# Possible water spot etching?



## Hazy2980 (Jul 18, 2018)

Hi all, first post!!

My 2 month old 3 series Estoril Blue, is showing small water/pit marks visible in certain light angles.

I rejected the dealer paint protection and opted to apply some Meguirs Ultimate Paste wax myself. The finish initially looked pukka.

I washed car yesterday for the first time in a month, dried and misted /wiped off with Meguirs Ultimate detailer.

When I got home under the drive flood light I noticed what I thought was water spots I must have missed when I did the wash, tried to wipe them off to no avail. Tried a vinegar solution, thinking they were water marks, no good...

Looking today under sun light the spots are noticable as the light transitions from light / shadow at a shallow angle, other than that the paint looks good. Just so annoying. Maybe they have always been there?!?
I tried some ultimate compound by hand today, it’s hard to say if there is improvement or not, maybe.....

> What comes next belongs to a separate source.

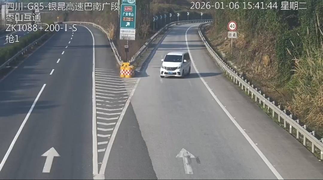 1月6日下午,周某驾驶川X号牌车辆沿G85银昆高速公路重庆往广安方向行驶,途经枣山收费站匝道时,发现自己错过应下的出口。为省去绕行麻烦,周某未按规驶出高速,反而在收费站内广场掉头,随后沿匝道逆行驶入高速主线。过程中,多辆正常行驶的车辆紧急避让,现场险象环生,险些引发事故。

Is it worth persisting with this? Trying to machine polish out? whatever it is has etched the clear coat, could it possibly be sand / dust & heat damage from all this hot weather??

Naively I thought the Wax would protect against this sort of thing.
Please check out the photos, zoom in around the sun.


----------



## MBRuss (Apr 29, 2011)

Sorry mate, can't see anything in those photos.

Sure it's not just orange peel?

Sent from my SM-G935F using Tapatalk


----------



## Hazy2980 (Jul 18, 2018)

Novice here!! What is orange peel? And would it be a pain to remove?? As these marks take a lot of work.

Cheers


----------



## efunc (May 22, 2007)

I can't make anything out from your pictures, however one possible cause of what you're seeing: The car was washed in the hot sun using hard water, mostly towelled-off, but residue quickly drying off on the paint. This would be too faint to see in normal conditions. Once waxed it will remain under the wax, and no amount of rewashing will get rid of it becasue it's locked in. You will need to wash, clay and decontaminate the paint again before waxing to get rid of it, but do it on a cool day! 

How do I know this? I've just done the same myself! But I will live with it until the autumn, because there is no mild weather on the horizon.


----------